Analysis and commentary on economic news, trends and issues, with an emphasis on Seattle and the Northwest.

September 9, 2014 at 10:33 AM

Port of Seattle wins TIGER grant

The Seattle skyline can be seen in the distance at Terminal 46.

The Seattle skyline can be seen in the distance at Terminal 46. (Photo by Greg Gilbert, The Seattle Times, 2012)

Sen. Patty Murray’s office announced this morning that the Port of Seattle will receive $20 million in infrastructure funding from the federal government. It comes under the Transportation Investment Generating Economic Recovery (TIGER) grants program whose creation Murray led as part of the 2009 stimulus. They have provided one of the few bright spots in an otherwise bleak environment for infrastructure investment.

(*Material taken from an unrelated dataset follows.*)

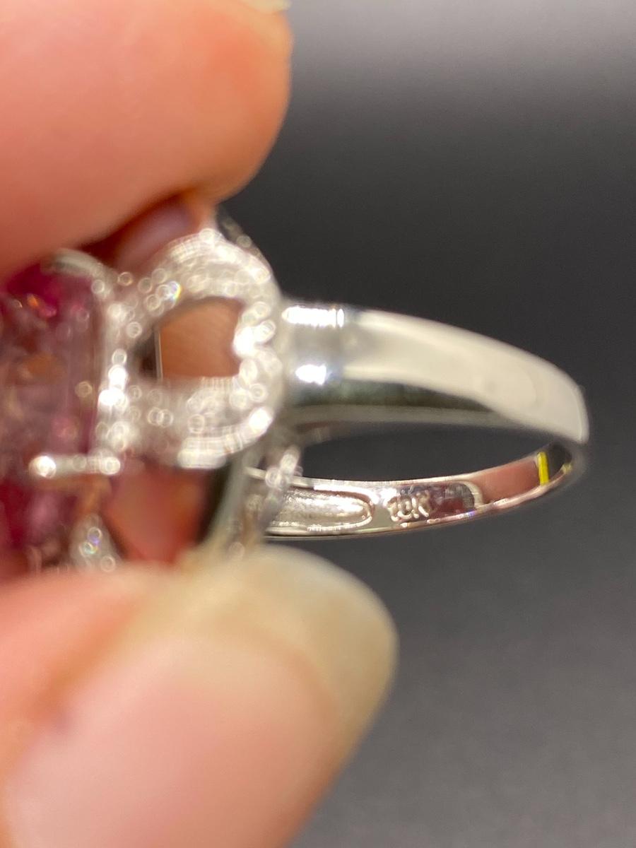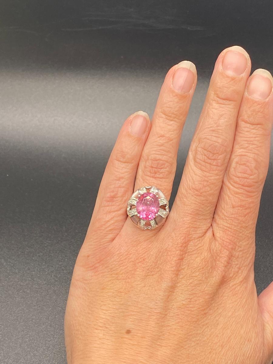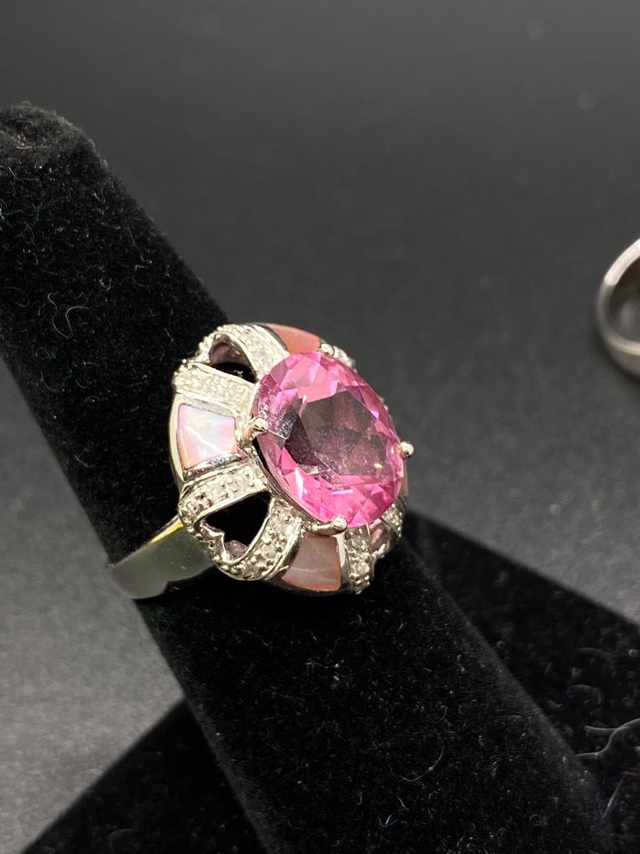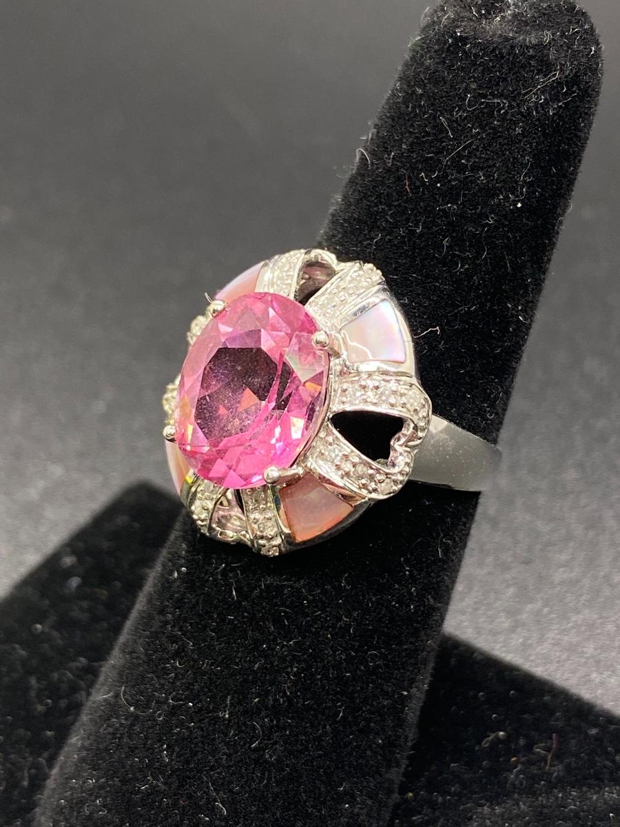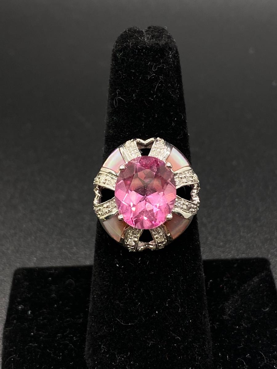 Bright pink gemstone cocktail ring. Looks like rose zirconia or pink sapphire, set in 10k white gold. Pink tint abalone shell accent. Fits like a 7. 5.4g tw. Stamped 10k inside.

This grant will go to upgrade the 82-acre Terminal 46, one of the major container hubs at the seaport. It includes dock rehabilitation, stormwater treatment improvements and extending the dock crane rail to allow it to handle two super post-Panamex vessels at the same time.

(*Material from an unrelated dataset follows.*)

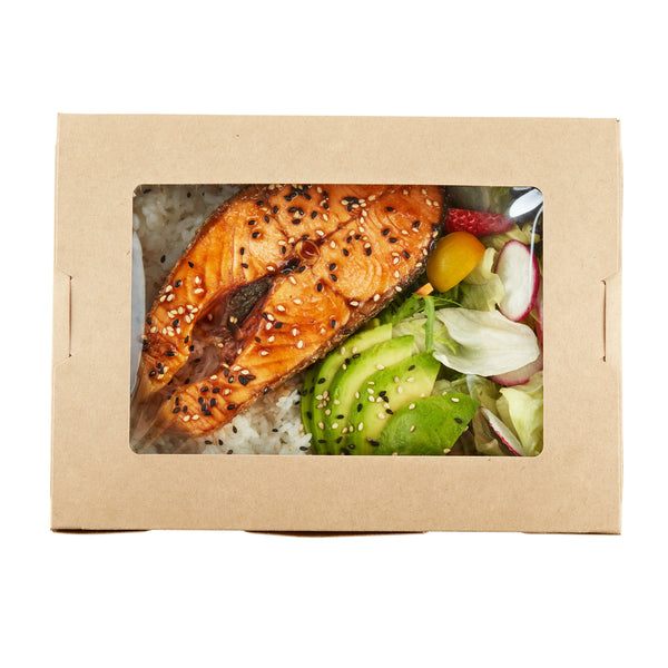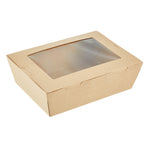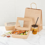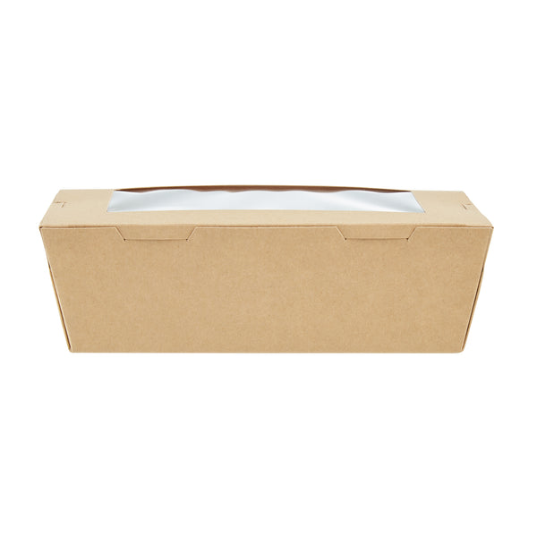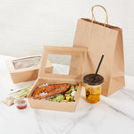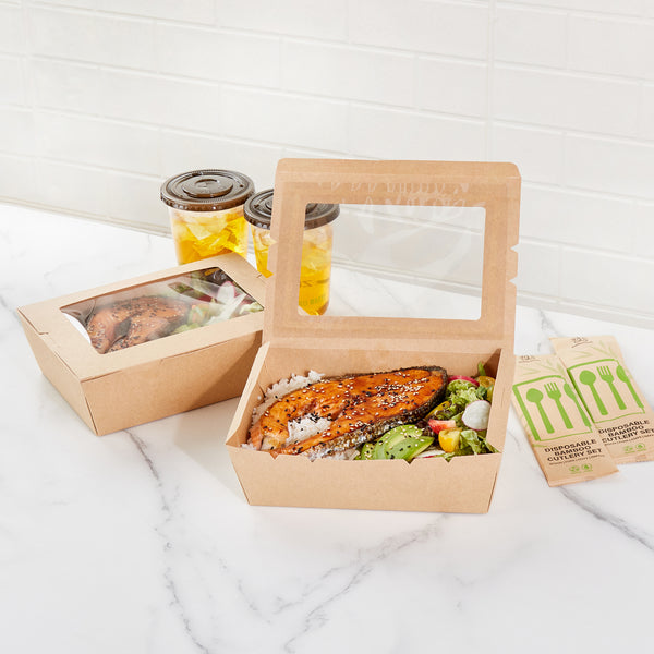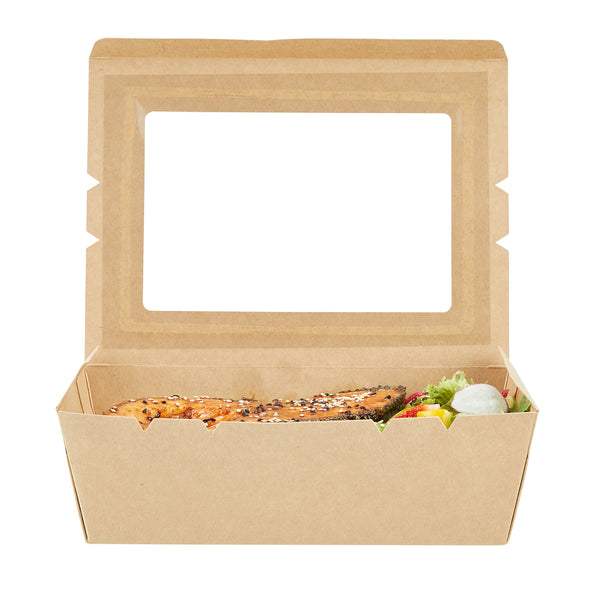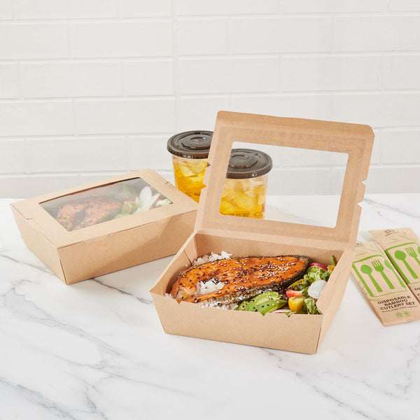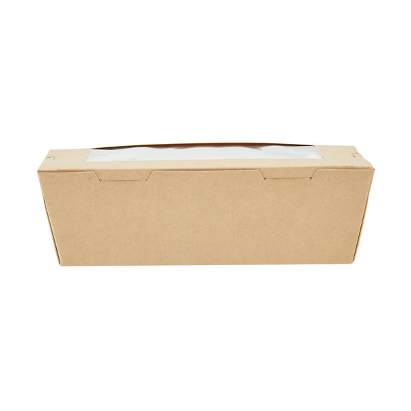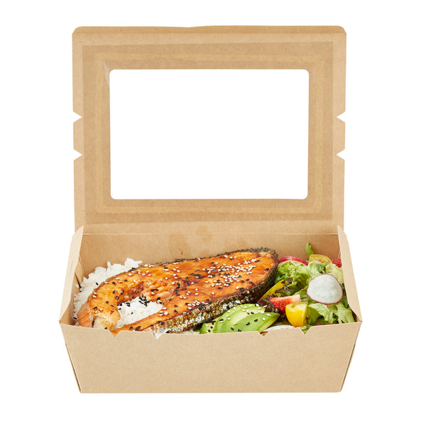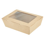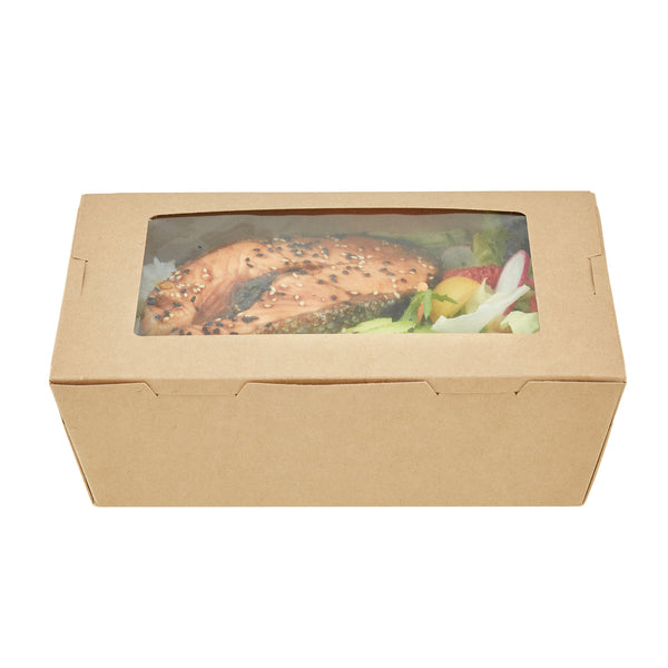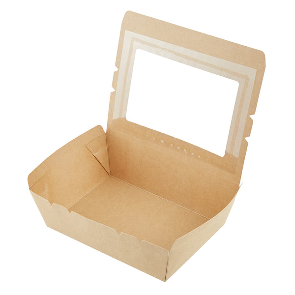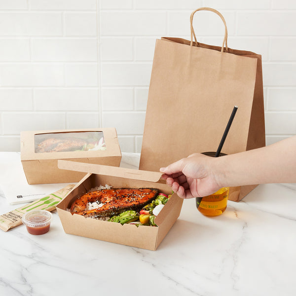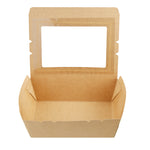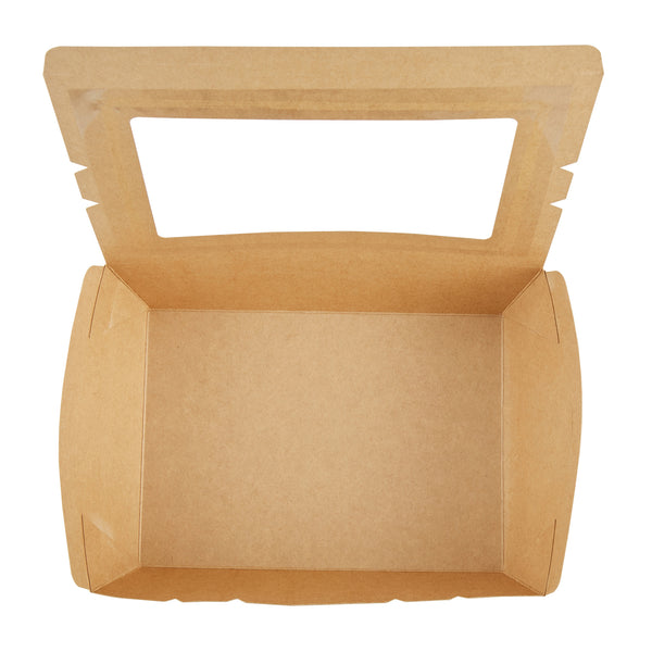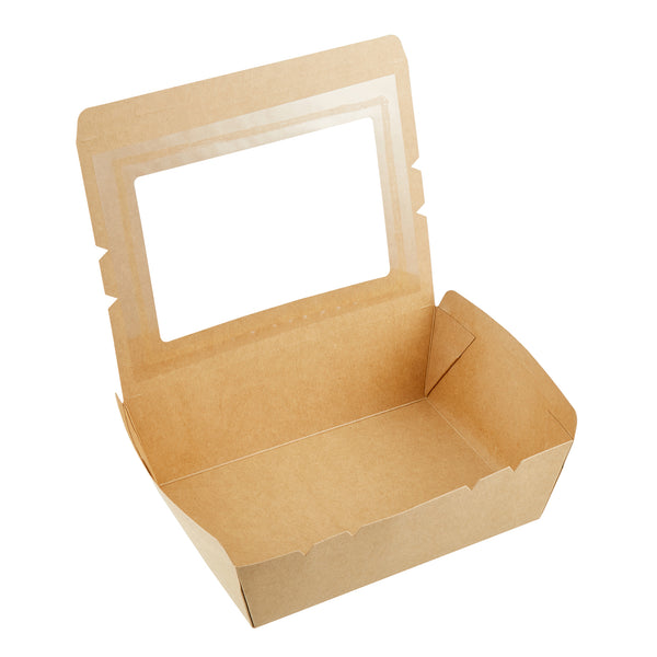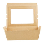 Pack food stylishly with our Cafe Vision 71-ounce Kraft Paper Large Take Out Containers. These carry out containers are equipped with 4 hinge locks that create a secure seal, ensuring quick and reliable packaging for both take out and delivery services. With a clear plastic window, these takeaway containers allow your staff to easily identify contents for efficient organization. The grease-resistant PE liner in these take out boxes prevents oil or saucy leaks, providing a neat and pleasant dining experience. Crafted from premium paper, these to go boxes are perfect for securely packing both hot and cold food items. For those looking to store leftovers, these take out food containers are freezer-safe. The kraft finish of these disposable to go containers adds a stylish touch to your take out orders. After use, these paper take out containers are disposable and can be discarded easily, making cleanup a breeze. Ideal for eco-conscious establishments, these recyclable paper boxes for food are a sustainable choice. These takeaway boxes measure 8.75 inches in length by 6.5 inches in width by 2.5 inches in height and can hold up to 71 ounces, making them spacious and practical. Sold in a 200 count box.

Even with the departure of the Grand Alliance and Hamburg Sud lines for the Port of Tacoma, Seattle’s seaport remains a major container handler. Total TEUs, the twenty-foot equivalent units used to measure container traffic, were 1.6 million in 2013 (it was nearly 2.2 million in 2010, before the loss to Tacoma).

Port CEO Tay Yoshitani said in a prepared statement, “Sen. Murray has a long-term track record paving the way for federal infrastructure investments that benefit our economy.  The news she received from U.S Department of Transportation about TIGER funding  for the Port of Seattle is great news for the port and thousands of maritime sector jobs.”

Yoshitani said the grant would help ease congestion, while making safety and environmental improvements. “These terminal upgrades will not only keep jobs here, but allow for the growth of more family wage jobs at the Port of Seattle.”

Both Seattle and Tacoma face intense competitive pressure from other West Coast ports, especially Vancouver and Prince Rupert, B.C., as well as LA/Long Beach, all of whom have benefited from big infrastructure spending to modernize their ports and rail operations. There’s also the wider Panama Canal coming, which will allow some Asian shipping to bypass the West Coast entirely. Market share of the Puget Sound ports has been declining.

Consolidation of shipping lines is another challenge. The Journal of Commerce reported that CMA CGM, United Arab Shipping and China Shipping Container Line are preparing to announce a vessel-sharing agreement. While it is unclear how this will affect us, China Shipping and United Arab both call at Port of Seattle’s Terminal 30, operated by SSA Marine. CMA CGM calls at Terminal 18.

One danger of shipping-line consolidation is that the companies will be less inclined to make multiple calls along the West Coast. So the question becomes, who will be left out?